◆ **HOW TO COMPLETE THIS TASK**
All entries below are to be written out again exactly, but no picture is to be copied.

◆ **ENTRIES SUPPLIED**

%%

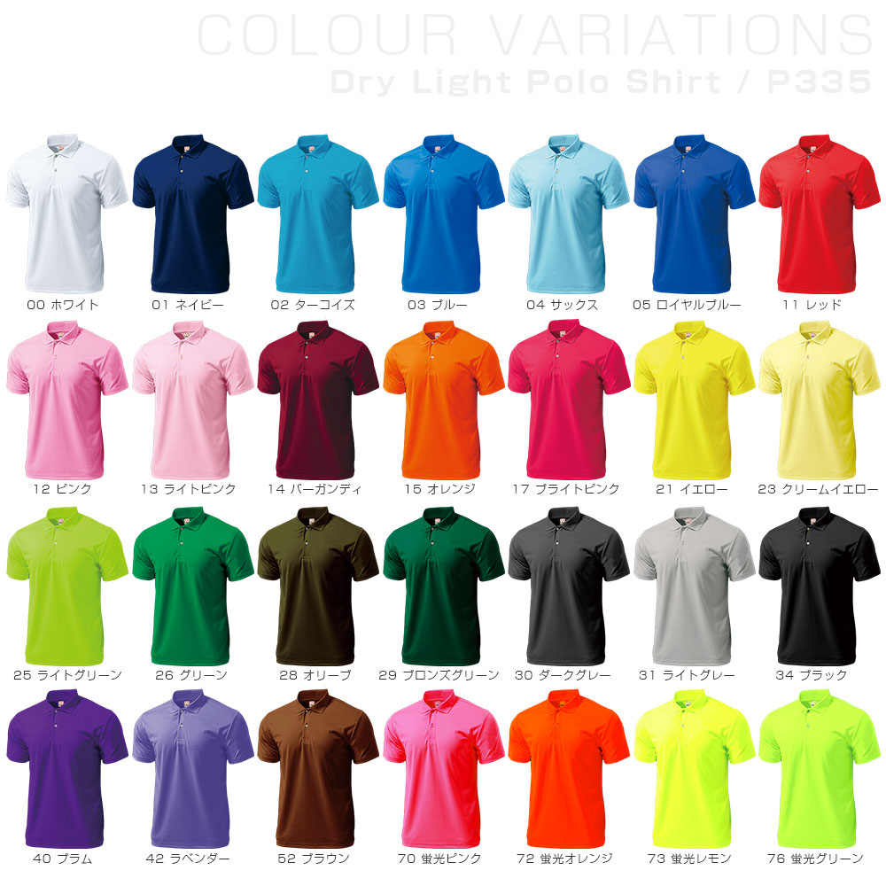 ※XS(160cm)・3XLは00(ホワイト)・01(ネイビー)・05(ロイヤルブルー)・11(レッド)・21(イエロー)・34(ブラック)のみの展開となります。
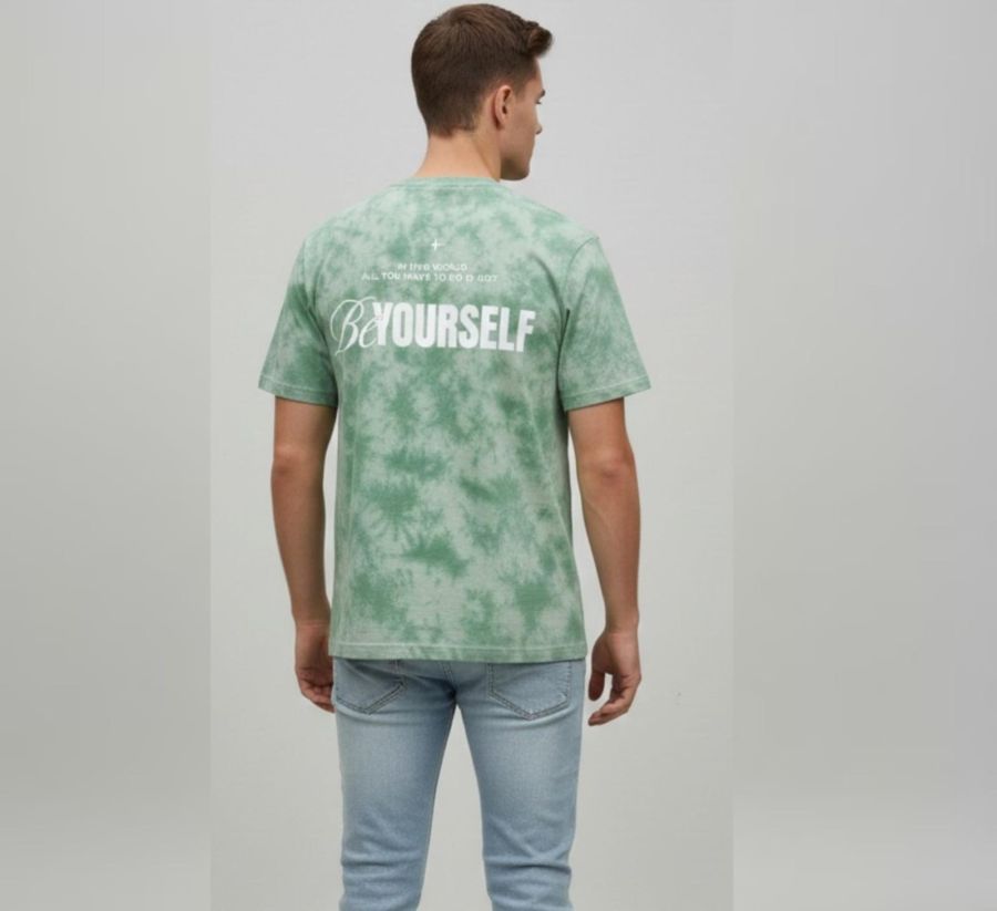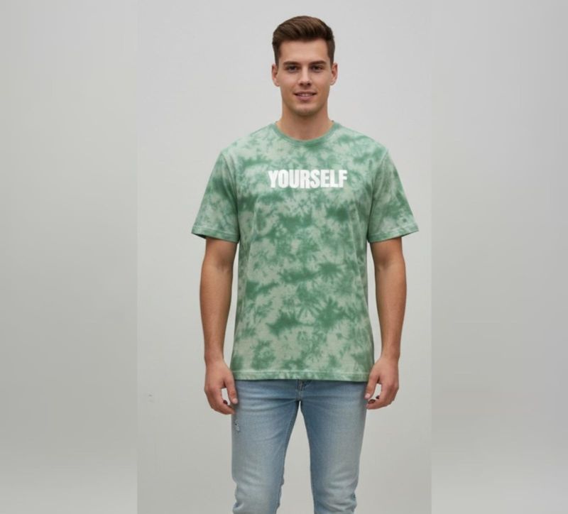 Elevate your street style with this premium Sage Green Tie-Dye Graphic T-Shirt. Featuring a bold, 3D-embossed "YOURSELF" slogan across the chest, this tee blends a relaxed aesthetic with a powerful message.
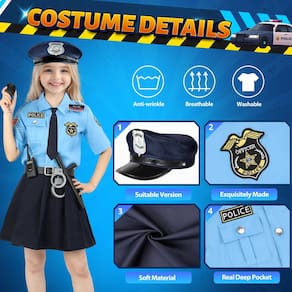Todo o traje policial pode ser lavado, então você não precisa se preocupar com o fato de seu filho fazer bagunça quando você sair para brincar!
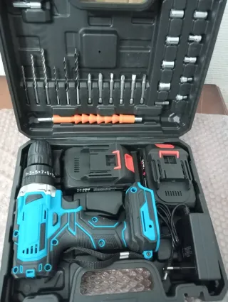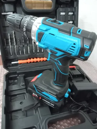 🔴 SOLO ENVÍOS 🔴 Nuevo a estrenar. Compatible con baterías makita. Taladro atornillador inalámbrico con dos baterías. En su maletín de transporte. Imágenes reales. Color azul. Taladro atornillador inalámbrico multifuncional con 2 baterías recargables de 21 V. Dos velocidades. Mandril 10 mm. Par de apriete de 45 Nm con 25+1 ajustes del par. 1500 RPM Atornillador,desatornillador y función percutor. Taladro. Luz LED. Unidades disponibles. Para más cantidades consultar.
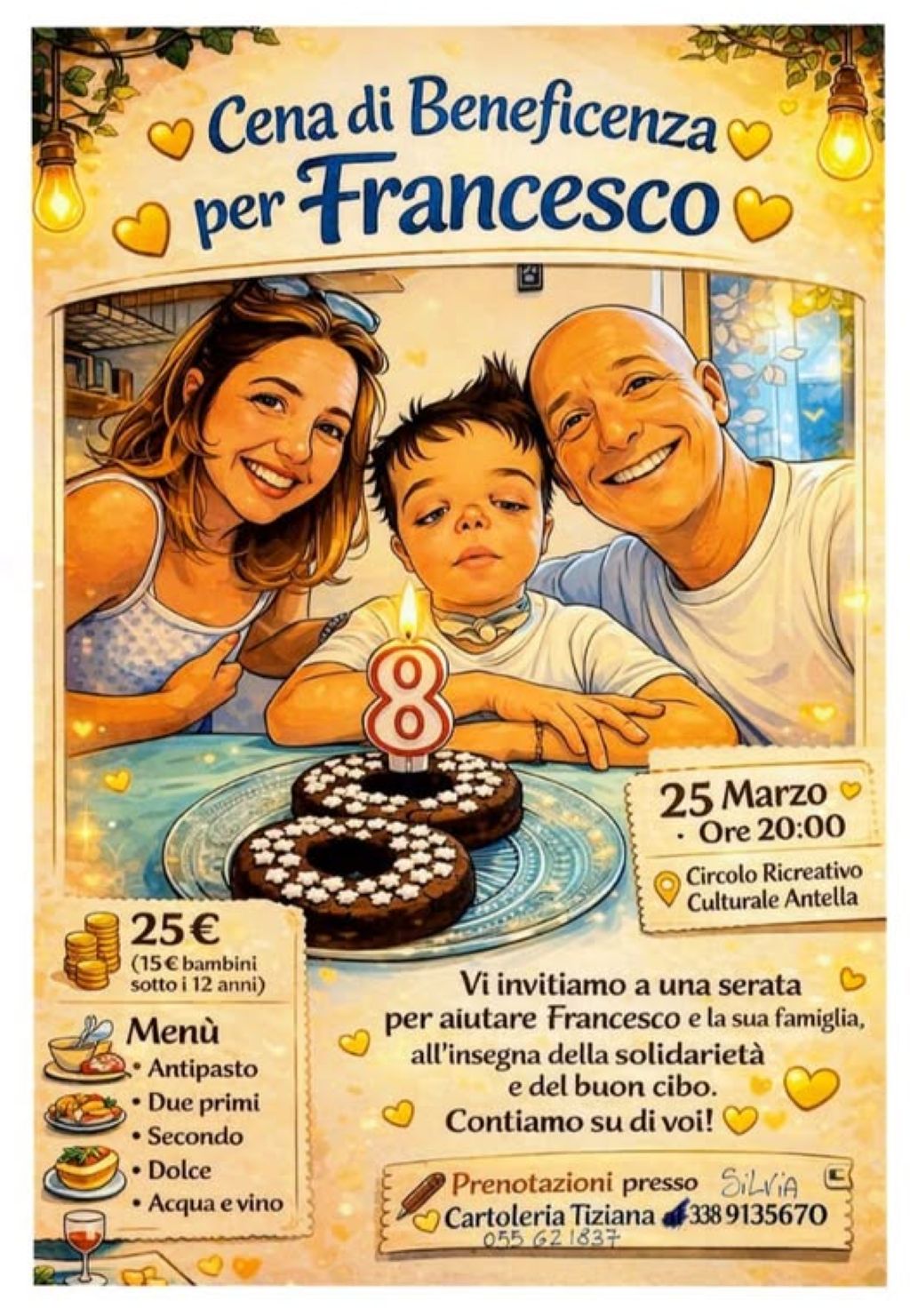 L’iniziativa nasce con l’obiettivo di aiutare il piccolo Francesco, che deve tornare a Parigi per un nuovo intervento chirurgico, e i suoi cari a sostenere le spese per la costosa trasferta. La cena sarà un momento di comunità, vicinanza e sostegno. Un gesto collettivo che dimostri, ancora una volta, quanto il tessuto sociale dell’Antella e di tutta la comunità ripolese sappia mobilitarsi quando c’è bisogno.
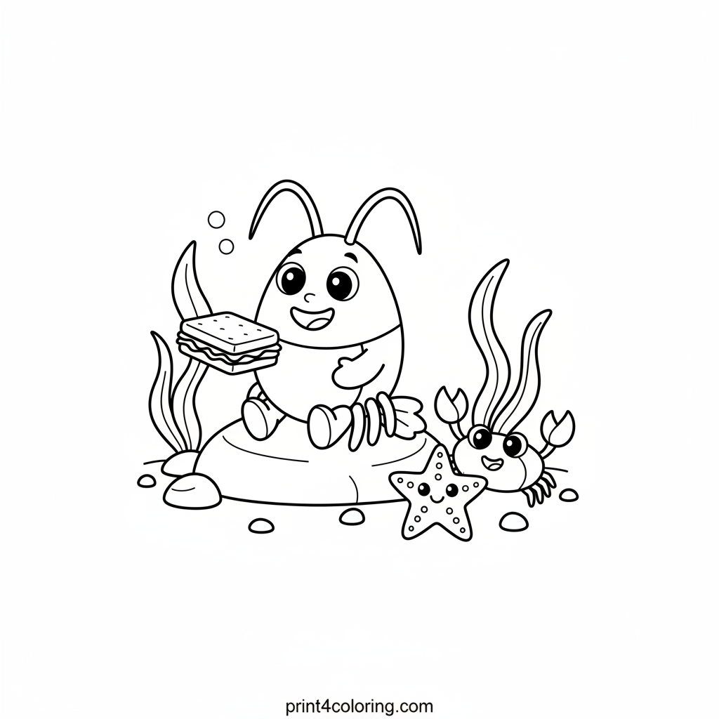 Dive into a delightful underwater scene where a friendly lobster hosts a special picnic! See our happy lobster sharing a yummy seaweed sandwich with a smiling starfish and a cheerful little crab. This heartwarming picture celebrates friendship and fun beneath the waves, perfect for little artists to bring to life with vibrant colors.
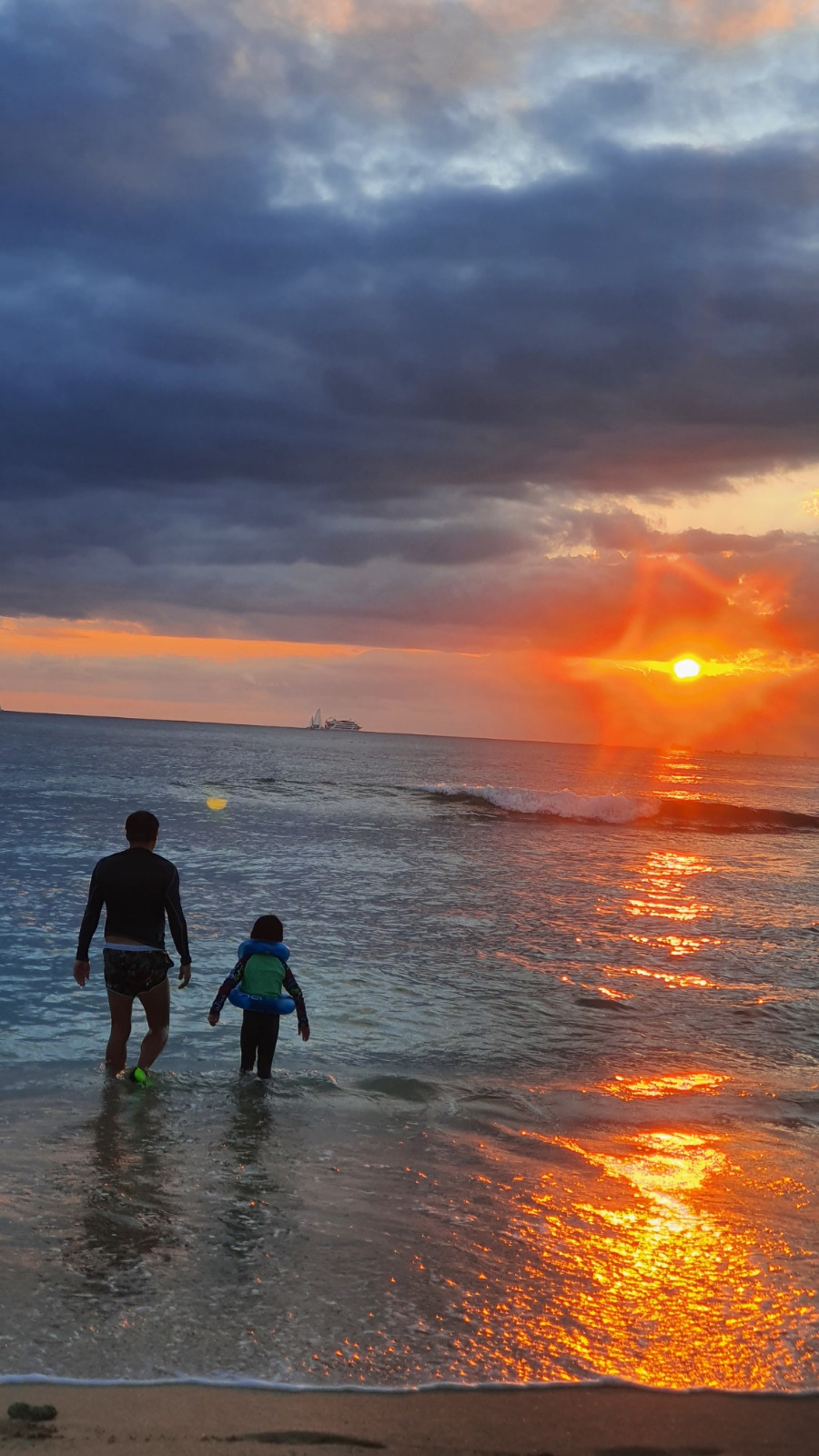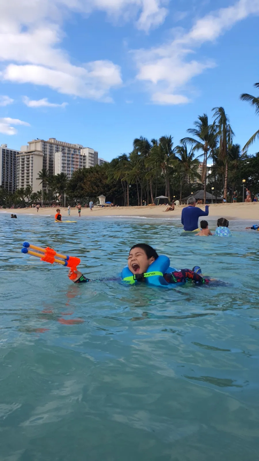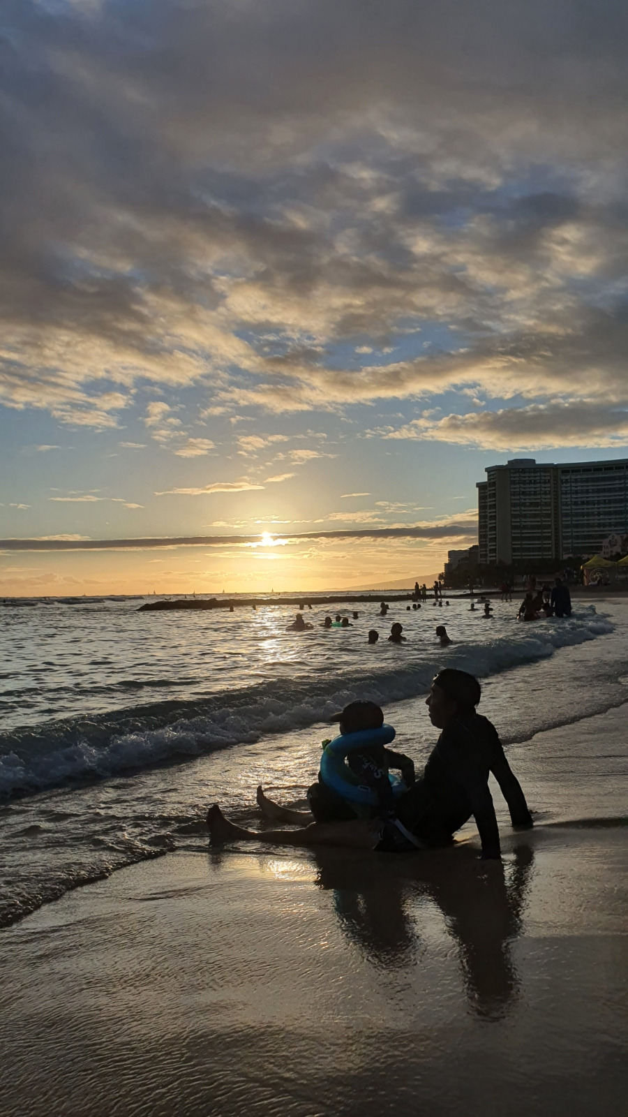 이튿날도 와이키키 해변을 찾는다. 첫날과 다른 포인트에 자리 잡았다. 어제 핸드폰을 가져갔더니, 스페인 산세바스티안의 도난 경험이 떠올라 우리 자리를 몇 번이나 확인했는지. 걱정 없이 편안한 게 가장 좋다. 와이키키 해변 200미터 너머에서 서핑하는 사람, 튜브에 의지해 노는 사람을 보면 미친 거 아냐? 하는 생각이 든다. 지금은 적응됐지만, 깊은 바다와 앞바다의 수심이 비슷하다. 한국은 조금만 들어가도 발이 닿지 않는 깊은 심연으로 들어가게 된다. 그 경험을 수십 년 해왔기에 아무리 수심이 비슷해도 모래사장이 희미해지는 곳까지 내 몸을 담그는 게 두렵고 무모하게 느껴진다. 내게도 인간의 모험을 즐기는 DNA가 있는지 몸이 점점 저 멀리 수평선을 향해 나아간다. 깊이 들어갈수록 아드레날린이 나오는 듯하다.
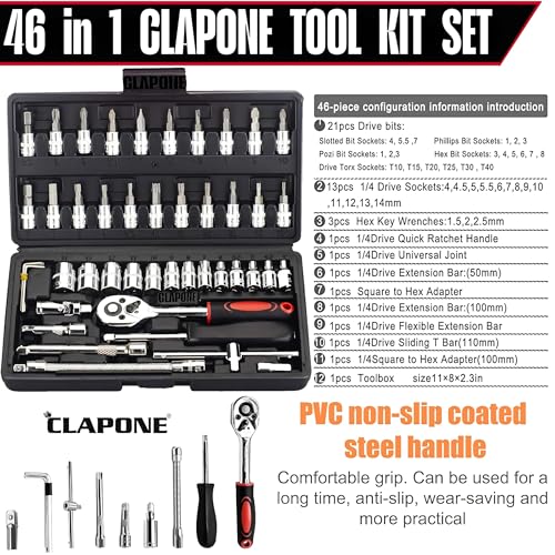 CLAPONE 46-Piece Tool Kit with 1/4″ Drive Socket, Screwdrive… is Marketed by https://www.excelinds.com/online-shop/

%%

◆ **YOUR RESPONSE**
 ※XS(160cm)・3XLは00(ホワイト)・01(ネイビー)・05(ロイヤルブルー)・11(レッド)・21(イエロー)・34(ブラック)のみの展開となります。
 Elevate your street style with this premium Sage Green Tie-Dye Graphic T-Shirt. Featuring a bold, 3D-embossed "YOURSELF" slogan across the chest, this tee blends a relaxed aesthetic with a powerful message.
Todo o traje policial pode ser lavado, então você não precisa se preocupar com o fato de seu filho fazer bagunça quando você sair para brincar!
 🔴 SOLO ENVÍOS 🔴 Nuevo a estrenar. Compatible con baterías makita. Taladro atornillador inalámbrico con dos baterías. En su maletín de transporte. Imágenes reales. Color azul. Taladro atornillador inalámbrico multifuncional con 2 baterías recargables de 21 V. Dos velocidades. Mandril 10 mm. Par de apriete de 45 Nm con 25+1 ajustes del par. 1500 RPM Atornillador,desatornillador y función percutor. Taladro. Luz LED. Unidades disponibles. Para más cantidades consultar.
 L’iniziativa nasce con l’obiettivo di aiutare il piccolo Francesco, che deve tornare a Parigi per un nuovo intervento chirurgico, e i suoi cari a sostenere le spese per la costosa trasferta. La cena sarà un momento di comunità, vicinanza e sostegno. Un gesto collettivo che dimostri, ancora una volta, quanto il tessuto sociale dell’Antella e di tutta la comunità ripolese sappia mobilitarsi quando c’è bisogno.
 Dive into a delightful underwater scene where a friendly lobster hosts a special picnic! See our happy lobster sharing a yummy seaweed sandwich with a smiling starfish and a cheerful little crab. This heartwarming picture celebrates friendship and fun beneath the waves, perfect for little artists to bring to life with vibrant colors.
 이튿날도 와이키키 해변을 찾는다. 첫날과 다른 포인트에 자리 잡았다. 어제 핸드폰을 가져갔더니, 스페인 산세바스티안의 도난 경험이 떠올라 우리 자리를 몇 번이나 확인했는지. 걱정 없이 편안한 게 가장 좋다. 와이키키 해변 200미터 너머에서 서핑하는 사람, 튜브에 의지해 노는 사람을 보면 미친 거 아냐? 하는 생각이 든다. 지금은 적응됐지만, 깊은 바다와 앞바다의 수심이 비슷하다. 한국은 조금만 들어가도 발이 닿지 않는 깊은 심연으로 들어가게 된다. 그 경험을 수십 년 해왔기에 아무리 수심이 비슷해도 모래사장이 희미해지는 곳까지 내 몸을 담그는 게 두렵고 무모하게 느껴진다. 내게도 인간의 모험을 즐기는 DNA가 있는지 몸이 점점 저 멀리 수평선을 향해 나아간다. 깊이 들어갈수록 아드레날린이 나오는 듯하다.
 CLAPONE 46-Piece Tool Kit with 1/4″ Drive Socket, Screwdrive… is Marketed by https://www.excelinds.com/online-shop/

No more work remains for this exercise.